As monolithic bullets have developed, their performance in terms of penetration and weight retention versus hydrostatic shock varies. For example, the monolithics Nosler E-Tip and Barnes TSX at 400 yards the expansion range dropped slightly while the monolith Cutting Edge Copper Raptor expanded even at 400 yards 
Fluid transfer monolithic
Fluid transfer monolithic bullets (FTM) are monolithic bullets which contain a geometry designed to move fluid dense tissue in order to cause wounding to a soft target. Unlike jacketed hollow point bullets (JHP), FTMs do not rely on expansion to function as designed. The geometry of the bullet channels the fluid within a soft target radially away from the bullet's path causing significant trauma and tissue tearing. Because fluid generally has low compressibility it is particularly effective as a cutting tool.

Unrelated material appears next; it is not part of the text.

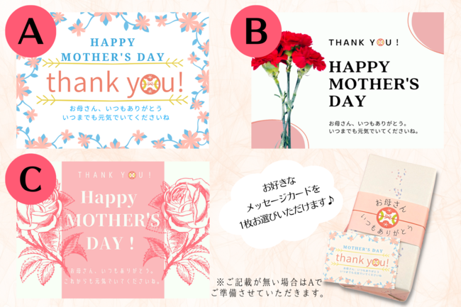 オシャレでポップな色合いの母の日限定ギフトカードを3枚ご準備させていただきました。お好きな1枚をお選びいただけます。直接言うとなると照れてしまう「ありがとう」の言葉も、可愛らしいギフトカードに思いを込めれば日頃の感謝をお伝えすることができます。※文面の変更は出来かねますので予めご了承ください。

By removing the common failure points associated with a JHP bullet (late/early expansion, failure to expand, jacket separation), FTMs have proven extremely consistent and reliable. Additionally, FTMs are known to be "Barrier Blind", meaning that they do not fail on barriers such as auto glass or sheet metal. The FTM's barrier blind attributes are mostly due to the fact that a monolithic metal bullet (commonly constructed of copper), has greater hardness and lower density than a lead bullet. Therefore, FTMs are able to achieve higher velocity and maintain their structural integrity on contact with barriers, whereas lead core JHPs are traveling at lower velocity and often deform on barriers. Notable examples of FTM bullets include Lehigh Defense E-XD and XC, G9 EHP, Interceptor Ammunition ARX, Black Hills Honey Badger, and the Winchester Hybrid-X.
By nature, modern monolithic bullets are very effective for hunting particularly larger game. This is due to the fact that these bullets retain their size and shape far better than lead alternatives and therefore often penetrate more deeply. With larger animals, this gives a better chance of penetrating to the vitals and deliver kinetic energy to disrupt them. Not only does this mean that the thicker, tougher skin of larger animals can be more effectively penetrated, it also makes the bullet more adept at breaking bone and delivering a terminal impact. As a result, monolithic bullets are particularly useful when hunting larger game such as moose and bear, or to take on hunting trips to Africa, where very large game, such as elephants, have often successfully been hunted with monolithic bullets.
An additional benefit is an exit hole which allows for more efficient blood trailing, important for long-hair game such as bears.
As a result of the monolithic bullet's feature to retain their mass so well these bullets have also gained popularity for hunting smaller game and even varmints. As a bullet that retains it shape the monolithic bullet will not break apart and cause meat damage to downed game of any size. This is a big benefit when hunting small targets that generally have little meat. In addition, there is less of a health hazard in terms of human food compared to bonded lead bullets.
Finally, lead-based bullets are typically used for target competitions where accuracy is the goal. From long range bench shooting, to Olympic biathlon, bonded lead bullets are used.